最近做了一個功能,需要將word文檔轉化成html的格式,並提取出標題生成導航。考慮到功能的復雜程度,將需要降低為對“標題1”這種格式進行提取。
docx為后綴的文檔(word2007)支持XML的文件格式,本質上是一個zip壓縮包,解壓出來就可以看到所有信息,可能正因為如果,使用XHTMLConverter便可以得到對應的html文檔,且標題元素的class屬性被標注為"X"+n(n為標題層級)。
但doc文檔但相對麻煩,doc文檔一般使用poi讀取,用的比較多的html轉換方式是使用poi中的WordToHtmlConverter進行轉換,這個轉換器並不會對標題進行特殊處理,將其當做普通有樣式的一個段落(Paragraph)進行處理,因此會和其他普通段落混合在一起。對此有兩種處理方法:
方案一:重寫processParagraph方法,在注釋的判斷處加上對標題的判斷,對標題進行特殊處理,但由於WordToHtmlConverter的成員變量均聲明為private,因此我采用了另一種方案。

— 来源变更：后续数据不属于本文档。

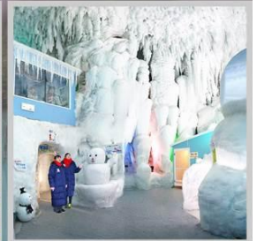
"KAMIKAWA ICE PAVILLION"

protected void processParagraph(HWPFDocumentCore hwpfDocument, Element parentElement, int currentTableLevel, Paragraph paragraph, String bulletText) { Element pElement = this.htmlDocumentFacade.createParagraph(); parentElement.appendChild(pElement); StringBuilder style = new StringBuilder(); WordToHtmlUtils.addParagraphProperties(paragraph, style); int charRuns = paragraph.numCharacterRuns(); if(charRuns != 0) { CharacterRun characterRun = paragraph.getCharacterRun(0); String pFontName; int pFontSize; if(characterRun != null) { Triplet triplet = this.getCharacterRunTriplet(characterRun); pFontSize = characterRun.getFontSize() / 2; pFontName = triplet.fontName; WordToHtmlUtils.addFontFamily(pFontName, style); WordToHtmlUtils.addFontSize(pFontSize, style); } else { pFontSize = -1; pFontName = ""; } this.blocksProperies.push(new WordToHtmlConverter.BlockProperies(pFontName, pFontSize)); try { if(WordToHtmlUtils.isNotEmpty(bulletText)) { if(bulletText.endsWith("\t")) { float defaultTab = 720.0F; float firstLinePosition = (float)(paragraph.getIndentFromLeft() + paragraph.getFirstLineIndent() + 20); float nextStop = (float)(Math.ceil((double)(firstLinePosition / 720.0F)) * 720.0D); float spanMinWidth = nextStop - firstLinePosition; Element span = this.htmlDocumentFacade.getDocument().createElement("span"); this.htmlDocumentFacade.addStyleClass(span, "s", "display: inline-block; text-indent: 0; min-width: " + spanMinWidth / 1440.0F + "in;"); pElement.appendChild(span); Text textNode = this.htmlDocumentFacade.createText(bulletText.substring(0, bulletText.length() - 1) + '\u200b' + ' '); span.appendChild(textNode); } else { Text textNode = this.htmlDocumentFacade.createText(bulletText.substring(0, bulletText.length() - 1)); pElement.appendChild(textNode); } } this.processCharacters(hwpfDocument, currentTableLevel, paragraph, pElement); } finally { this.blocksProperies.pop(); }
// 此處需要修改 if(style.length() > 0) { this.htmlDocumentFacade.addStyleClass(pElement, "p", style.toString()); } WordToHtmlUtils.compactSpans(pElement); } }
方案二:在word文檔中進行埋點,然后在處理過后的html文檔中根據itTitleMap進行再處理
private Map<String,String> setTitleElements(HWPFDocument wordObject ){ // 獲取樣式表 StyleSheet styleSheet = wordObject.getStyleSheet(); int styleTotal = wordObject.getStyleSheet().numStyles(); // 使用map映射存儲標題信息 Map<String,String> idTitleMap = Maps.newHashMap(); Range range = wordObject.getRange(); for (int i = 0; i < range.numParagraphs(); i++) { // 獲取樣式信息 Paragraph paragraph = range.getParagraph(i); int styleIndex = paragraph.getStyleIndex(); if (styleTotal > styleIndex) { StyleDescription styleDescription = styleSheet.getStyleDescription(styleIndex); String descriptionName = styleDescription.getName(); if ( descriptionName != null && descriptionName.contains(FIRST_LEVEL_TITLE_DESCRIPTION)) { String uuid = UUIDHelper.getUuid(); String text = paragraph.text().replaceAll( "[\r\n]", "" ); paragraph.replaceText( uuid, false ); idTitleMap.put( uuid, text ); } } } return idTitleMap; }